Re: reading a ninary file [message #46863] |
Mon, 09 January 2006 05:02  |
Klaus Scipal
Messages: 45 Registered: November 1997
|
Member |
|
|
Hi
I am not a specialist in character encoding but I guess you have to find out
how it was written. Which encoding was used to convert the characters to a
byte?
Characters are normally encoded in ASCII format which knows 128 characters.
As computers store data in bytes (i.e. 8 bits) there is room to store
another set of 128 characters, i.e. an extended character set. In practice,
there are a number of different extended character sets for example for
math symbols or extension characters for non-English languages. And to make
it even more difficult there are also other encoding systems then ASCII, for
example UNICODE.
I don't know if this is your problem but unless you don't know how the data
was encoded it will be difficult to "decode" it. I also don't know if the
different character sets are compatible and how IDL converts bytes to
characters. That's something you have to find out yourself. For more details
on character binary encoding check out
http://www.cs.tut.fi/~jkorpela/chars.html#examples
Of course a trial and error method would be to read out the byte and go into
the standard conversion tables and look what makes most sense.
Klaus
<claire.maraldi@gmail.com> wrote in message
news:1136798479.995043.160620@g44g2000cwa.googlegroups.com.. .
> Hello,
>
> I have to read a binary file containing long, fix and string variable
> type. I know that the string variable type are coded only on one byte
> (this have been confirmed by someone in the laboratory, and even if I
> try more bytes there is an "encountoured before end of file" error...).
> So I have tried to convert only one byte, and the results are amazing
> characters like "_-", "_"....
> I know that is not a problem of discrepency when the binary file is
> read because long and fix variable type are well converted (wether they
> are placed before or after string).
>
> Could explain me what exactly happen please ?
> Thank you
>
|
|
|
|
Re: reading a ninary file [message #46868 is a reply to message #46867] |
Mon, 09 January 2006 02:12   |
peter.albert@gmx.de
Messages: 108 Registered: July 2005
|
Senior Member |
|
|
Hi,
you have to know *exactly* what it is the file before you start reading
it, i.e. the number and type of each and every variable within the
file. However, this seems to be the case as it looks as if you get the
long and fix variables well out of the file. As for the strings, I'd
suggest reading them as byte arrays and then converting them to string.

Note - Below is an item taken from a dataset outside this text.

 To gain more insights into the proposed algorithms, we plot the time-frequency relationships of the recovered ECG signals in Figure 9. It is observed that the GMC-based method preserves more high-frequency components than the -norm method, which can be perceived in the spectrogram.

Mind, however, that you need to know the exact number of characters
within each string variable. Thus, it is not enough to know "there is a
string followed by a long number", but you need to know "there is a
string with 5 characters, followed by ..."
The IDL lines would then be
b = bytarr(5)
readu, lun, b
str_var = string(b)
Cheers,
Peter
|
|
|
Re: reading a ninary file [message #46958 is a reply to message #46863] |
Sun, 15 January 2006 00:32  |
R.Bauer
Messages: 1424 Registered: November 1998
|
Senior Member |
|
|
Dear all
I got more and more unicode files.
the king is dead long lives the new king ....
idl has no unicode support at the momenent. We should add a feature request
about.
cheers
Reimar
Klaus Scipal wrote:
> Hi
>
> I am not a specialist in character encoding but I guess you have to find
> out how it was written. Which encoding was used to convert the characters
> to a byte?
>
> Characters are normally encoded in ASCII format which knows 128
> characters. As computers store data in bytes (i.e. 8 bits) there is room
> to store another set of 128 characters, i.e. an extended character set. In
> practice, there are a number of different extended character sets for
> example for math symbols or extension characters for non-English
> languages. And to make it even more difficult there are also other
> encoding systems then ASCII, for example UNICODE.
>
> I don't know if this is your problem but unless you don't know how the
> data was encoded it will be difficult to "decode" it. I also don't know if
> the
> different character sets are compatible and how IDL converts bytes to
> characters. That's something you have to find out yourself. For more
> details on character binary encoding check out
> http://www.cs.tut.fi/~jkorpela/chars.html#examples
>
> Of course a trial and error method would be to read out the byte and go
> into the standard conversion tables and look what makes most sense.
>
> Klaus
>
>
>
> <claire.maraldi@gmail.com> wrote in message
> news:1136798479.995043.160620@g44g2000cwa.googlegroups.com.. .
>> Hello,
>>
>> I have to read a binary file containing long, fix and string variable
>> type. I know that the string variable type are coded only on one byte
>> (this have been confirmed by someone in the laboratory, and even if I
>> try more bytes there is an "encountoured before end of file" error...).
>> So I have tried to convert only one byte, and the results are amazing
>> characters like "_-", "_"....
>> I know that is not a problem of discrepency when the binary file is
>> read because long and fix variable type are well converted (wether they
>> are placed before or after string).
>>
>> Could explain me what exactly happen please ?
>> Thank you
>>
|
|
|